Roast lamb with garlic and rosemary

This classic roast dish combines lamb with its favourite flavour partners of rosemary and garlic. Stud the meat with slivers of garlic and sprigs of rosemary and enjoy the gorgeous aroma that fills the kitchen.

Ingredients

  • 2 sprigs rosemary

  • 1kg leg of lamb

  • 2 cloves garlic

    peeled and quartered

  • 1 tbsp Olive oil

    plus more for vegetables

  • Sea salt and freshly ground black pepper

    to taste

  • 500g pumpkin

    sliced and deseeded

  • 4 potatoes

    peeled and halved

  • 2 parsnips

    peeled and halved

  • 1 cup red wine

    for gravy

  • 1 cup beef stock

    for gravy

Allergy Advice

Contains Gluten

Equipment

  • 1 baking dish
  • 1 sharp knife
  • 1 aluminum foil
  • 1 hotplate or gas ring

Instructions

  1. Preheat oven to 200°C.
  2. Place one sprig of rosemary on the base of a baking dish and tie the other sprig on the top of the lamb.
  3. Use a sharp knife to stab eight holes in the meat and insert the pieces of garlic.
  4. Rub lamb with 1 tablespoon of olive oil, then season with salt and pepper.
  5. Arrange vegetables around lamb, brush with olive oil, and bake for 40 minutes.

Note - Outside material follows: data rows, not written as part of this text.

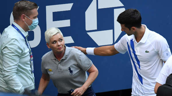 സ്പാനിഷ് താരം പാബ്ലോ കരേനോ ബുസ്റ്റയ്ക്കെതിരായ ജോകോവിച്ചിന്റെ മല്സരത്തിനിടെയായിരുന്നു കോര്ട്ടില് നാടകീയ രംഗങ്ങള്. ആദ്യ സെറ്റില് 5-6നു പിന്നിട്ടുനില്ക്കെ ജോകോവിച്ച് അബദ്ധത്തില് അടിച്ച പന്ത് വനിതാ ലൈന് ജഡ്ജിന്റെ കഴുത്തിലാണ് കൊണ്ട്. തുടര്ന്ന് ശ്വാസതടസം അനുഭവപ്പെട്ട് ഇവര് വീഴുകയും ചെയ്തു. ജോകോവിച്ച് ഉടന് തന്നെ ഇവരുടെ അടുത്തേക്ക് വരികയും എന്താണ് സംഭവിച്ചതെന്നു തിരക്കുകയും മാപ്പ് ചോദിക്കുകയും ചെയ്തു. അല്പ്പം കഴിഞ്ഞ് പരിക്കേറ്റ വനിതാ ലൈന് ജഡ്ജ് കോര്ട്ടില് നിന്നും പുറത്തേക്കു പോയി. തുടര്ന്ന് മാച്ച് റഫറിയും ജോകോവിച്ചും തമ്മില് കുറച്ചു സമയം ചര്ച്ച നടത്തുകയും ഒടുവില് അദ്ദേഹത്തെ അയോഗ്യനാക്കാന് തീരുമാനിക്കുകയുമായിരുന്നു. സ്പാനിഷ് താരം ബുസ്റ്റയെ മല്സരത്തിലെ വിജയിയായി പ്രഖ്യാപിക്കുകയും ചെയ്തു.
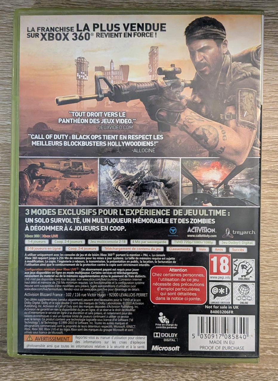 L2 - Call Of Duty Black Ops Xbox 360 - EAN : 5030917085840 - ARTICLE OCCASION EN TRES BON ETAT GÉNÉRAL - TEST SUR CONSOLE ( Core , Elite , Arcade , 360 S , Xbox 360 E , Xbox SX ) BOITIER ORIGINAL XBOX 360 - JEUX JOUABLE EN FRANCAIS - LIVRAISON ULTRA RAPIDE EN COLIS SUIVI PROTÈGE - COVER FR - COMPLET CIB
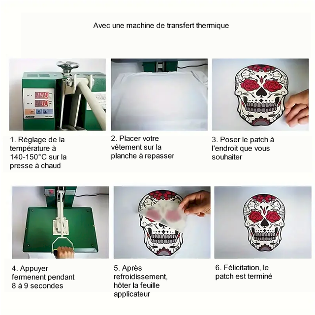 - Se fixe facilement à l’aide d’un fer à repasser ou d’une presse à chaud.
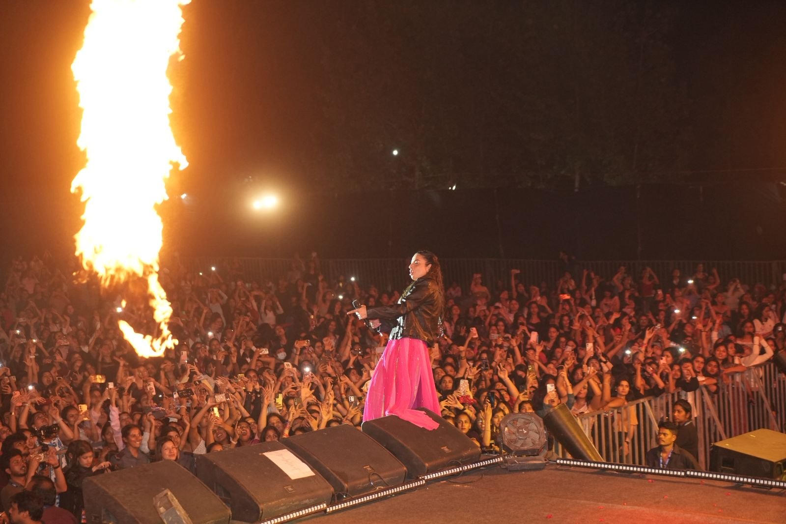 जैसे ही जैस्मीन सैंडलस ने मंच संभाला, पूरा परिसर तालियों और नारों की गड़गड़ाहट से गूंज उठा। उन्होंने अपने चर्चित गानों और लोक गीतों के फ्यूजन से युवाओं के बीच जो समां बांधा, वह देर रात तक जारी रहा। उन्होंने ‘सिप-सिप’, ‘शरारत”’और ‘ ‘मैं और तू’ जैसे गीतों की झड़ी लगा दी। शो के बीच युवाओं की भारी फरमाइश पर उन्होंने अपने चुनिंदा लोक गीतों का फ्यूजन भी पेश किया, जिसने माहौल को और भी यादगार बना दिया। जैस्मीन ने न केवल अपनी गायकी बल्कि अपने संवादात्मक अंदाज से भी प्रशंसकों का दिल जीत लिया।
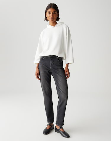 Suchst du ein Sweatshirt, das nicht nur super bequem ist, sondern auch stylisch aussieht? Dieses OPUS Sweatshirt hat eine coole Oberflächenstruktur, die deinem Look sofort mehr Tiefe verleiht. Der Regular Fit sitzt locker und lässig - nicht zu eng, nicht zu weit. Die kleinen Schlitze an den Seiten sorgen für extra Bewegungsfreiheit und Komfort. Perfekt fürs Büro, für die Freizeit oder besondere Anlässe. Aus hochwertigem Sweat-Material gefertigt, das sich angenehm weich anfühlt und lange hält. OPUS steht für stylische Alltagsmode, die Casual Chic mit femininem Stil verbindet - modern und doch zeitlos. Und das Beste: Nachhaltigkeit ist fester Bestandteil der Markenphilosophie. Ein Must-have für jede Garderobe, das sich super mit Jeans, Röcken oder Hosen kombinieren lässt. Einfach anziehen und wohlfühlen - so geht modischer Komfort!
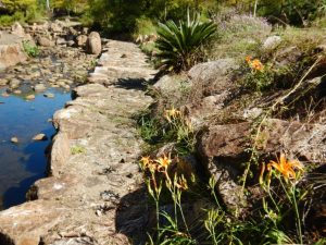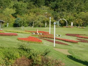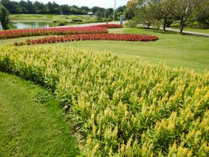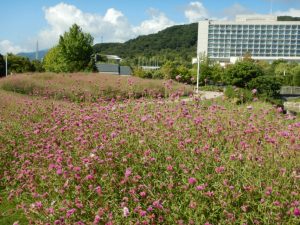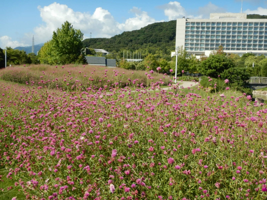 写真一枚目:花の中海周辺(大地の虹南花壇そば)、二枚目:移ろいの庭
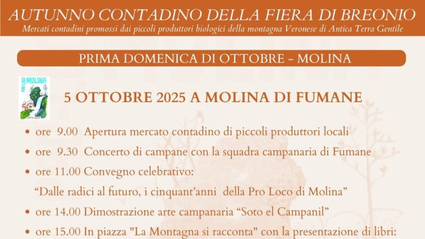 Sarà un ‘Autunno Contadino’ molto particolare quello del 2025 a Molina. Il 5 ottobre, in occasione dell’annuale evento, sarà festeggiato il 50° anniversario della Pro loco di Molina. Il mattino, alle ore 9.30, si aprirà il mercato. Seguirà un concerto di campane da parte della squadra campanaria di Fumane. Dopo il concerto si terrà un convegno per ringraziare tutte le persone che negli anni hanno contribuito a portare avanti e far crescere l’associazione. A pranzo saranno offerti gnocchi di malga a tutti gli invitati e a tutte le persone del paese. Nel pomeriggio saranno presentati alcuni libri ambientati in Lessinia a cura del presidente onorario della Pro Loco, Leonardo Ceradini. La Pro Loco di Molina nasce ufficialmente il 3 gennaio 1975 con l’obiettivo di promuovere lo sviluppo turistico del paese unitamente al suo meraviglioso Parco delle Cascate. Obiettivo pienamente raggiunto nel corso dei decenni. Negli anni i cambiamenti sono stati notevoli e la Pro loco, grazie ai Consigli di amministrazione che si sono succeduti, è stata traghettata egregiamente fino a noi. Oggi, a distanza di mezzo secolo, la Pro Loco, presieduta da Caterina Platano, collabora attivamente con Vivere Molina e con altre realtà associative, ed è un punto di riferimento per attività sociali che coinvolgono molte persone di Molina e non solo.
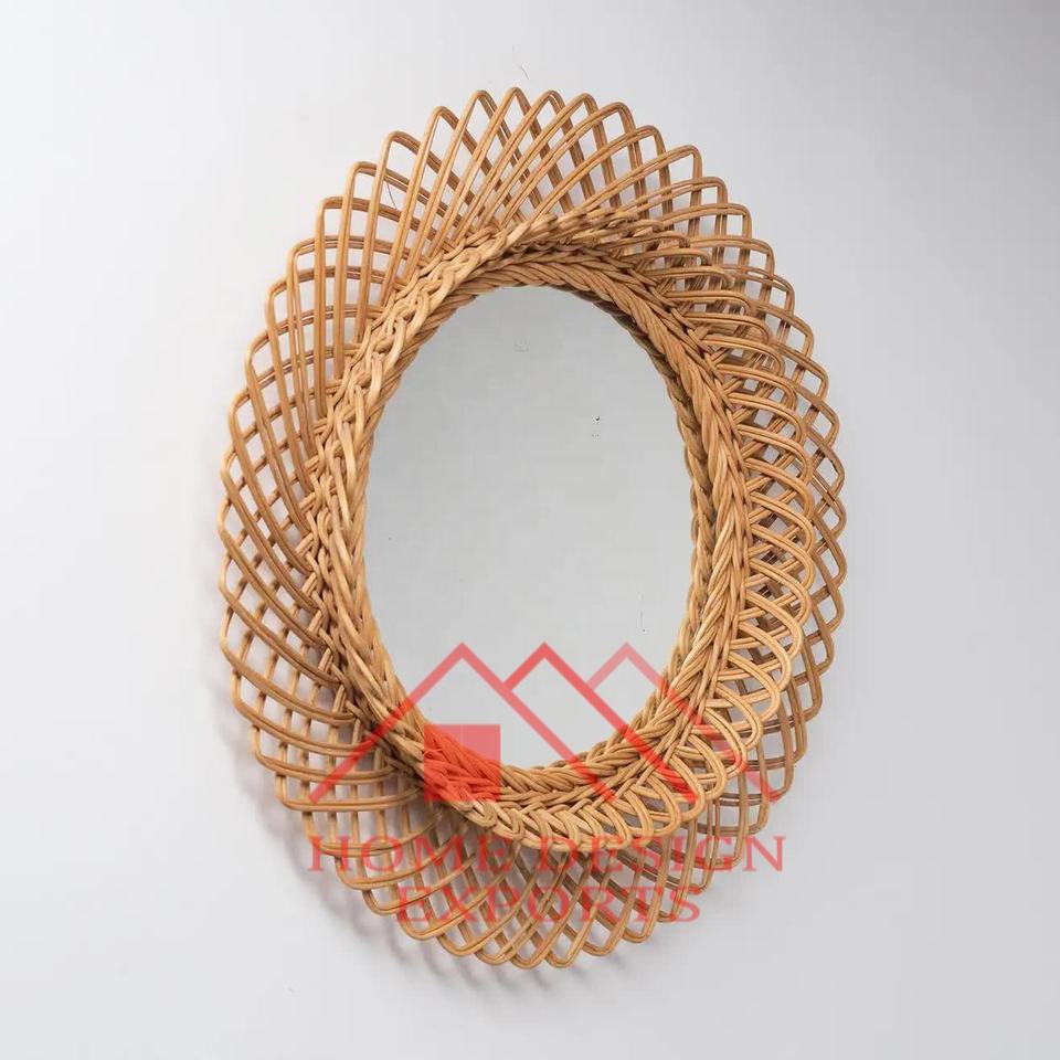 Miroir mural rond en rotin de conception vintage fait à la main, décoration de table pour hôtels et restaurants, grand miroir mural
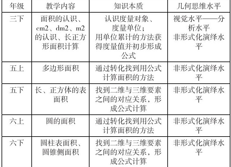 结合前面对小学生“图形面积”的思维水平的划分及教学内容、度量本质的分析,学生在各年级应达到的思维水平分析如下:观察上表不难发现:在第一学段的学习中,学生的思维重点是从视觉水平向分析水平的发展;第二学段是以视觉水平为基础,经历分析水平,并最终达到非形式化演绎水平。学生的整体思维水平的发展符合范希尔的几何思维水平发展理论。
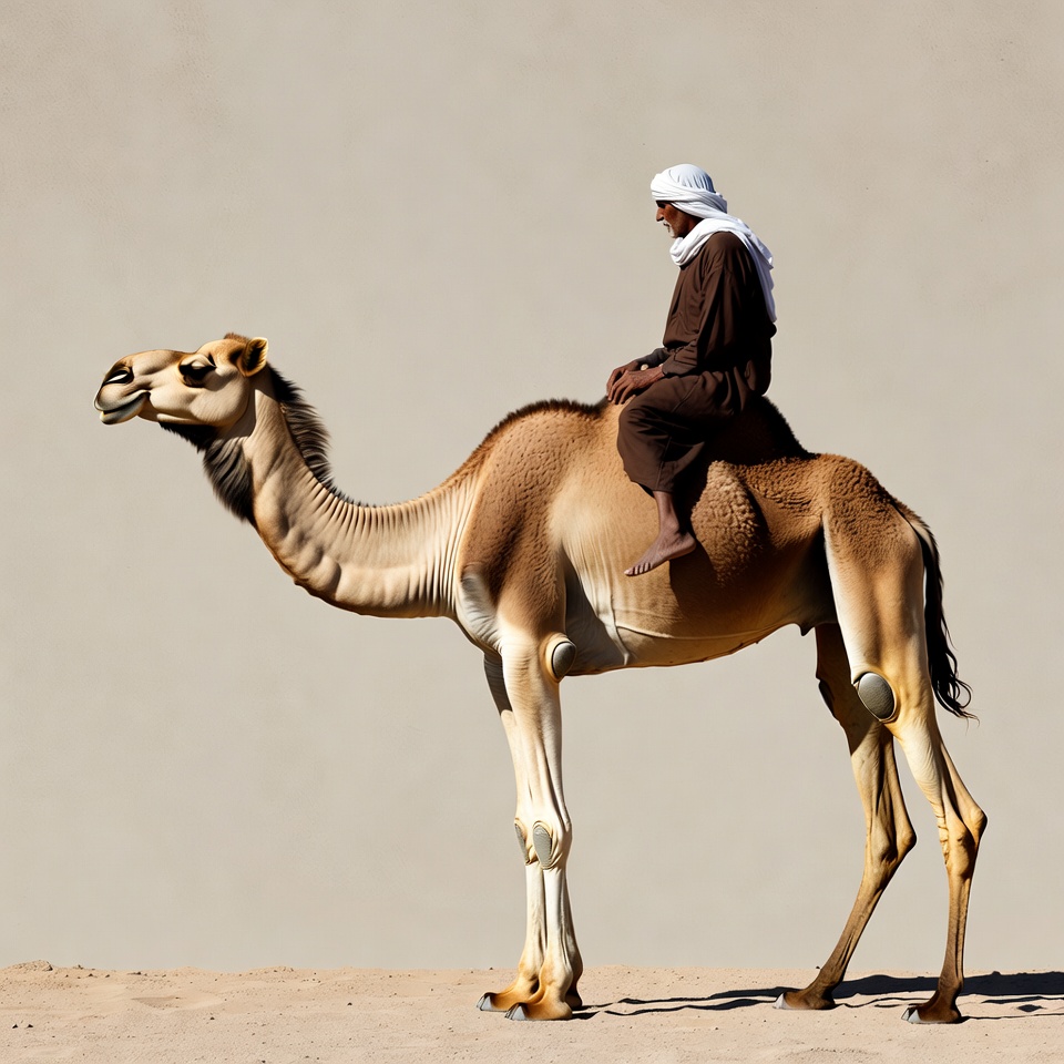 A Middle Eastern man wearing a white headscarf and brown robe sits atop a dromedary camel. The camel stands on a sandy beige background with its mouth slightly open. The man holds the reins while seated barefoot on the camel's hump.
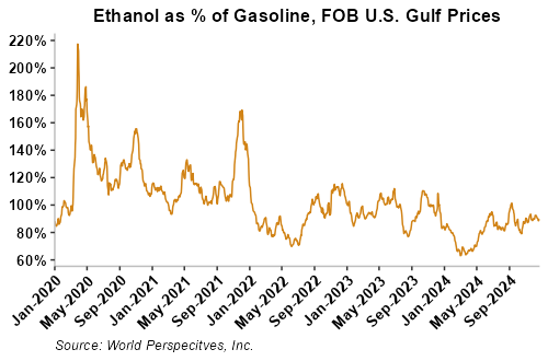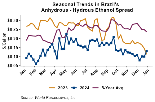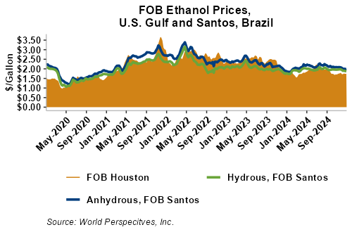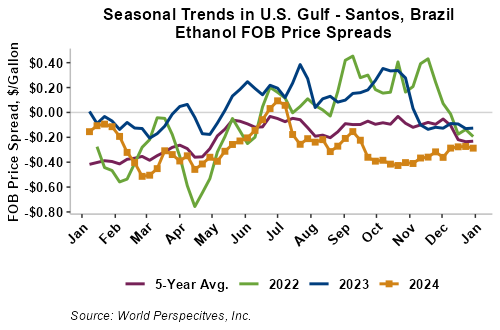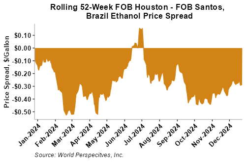 The FOB Gulf-Santos, Brazil ethanol spread has widened from last week’s close through Monday’s trading and is currently at -7.59 cents/liter (-28.72 cents/gallon).

The meat will still be a bit pink in the middle (based on 20 minutes per 500g).
  6. Remove meat from the oven, wrap it in foil, and let it rest for about 10 minutes.
  7. Check the vegetables for doneness; potatoes might need longer. Remove cooked vegetables to a warm plate and wrap in foil to keep warm.
  8. When all vegetables are cooked, remove them to a serving plate.
  9. To make the gravy, pour excess fat from the baking dish, leaving about 1 tablespoon.
  10. Heat the dish over a hotplate or gas ring until the fat is bubbling, then pour in the wine, stirring vigorously to get all the good bits off the pan.
  11. When the wine has reduced to about 2 tablespoons, add the stock and heat through.
  12. Carve the lamb and pour any resting juices into the gravy.
  13. Serve the meat and vegetables on large platters or individual plates with the gravy and a green vegetable or salad.

Notes

Tip
Leave the skin on the pumpkin; it's much easier to remove after baking.
Tip
You should have plenty of meat leftover for sandwiches or reheats!
Storage
Store leftover meat in an airtight container in the refrigerator for sandwiches or to reheat.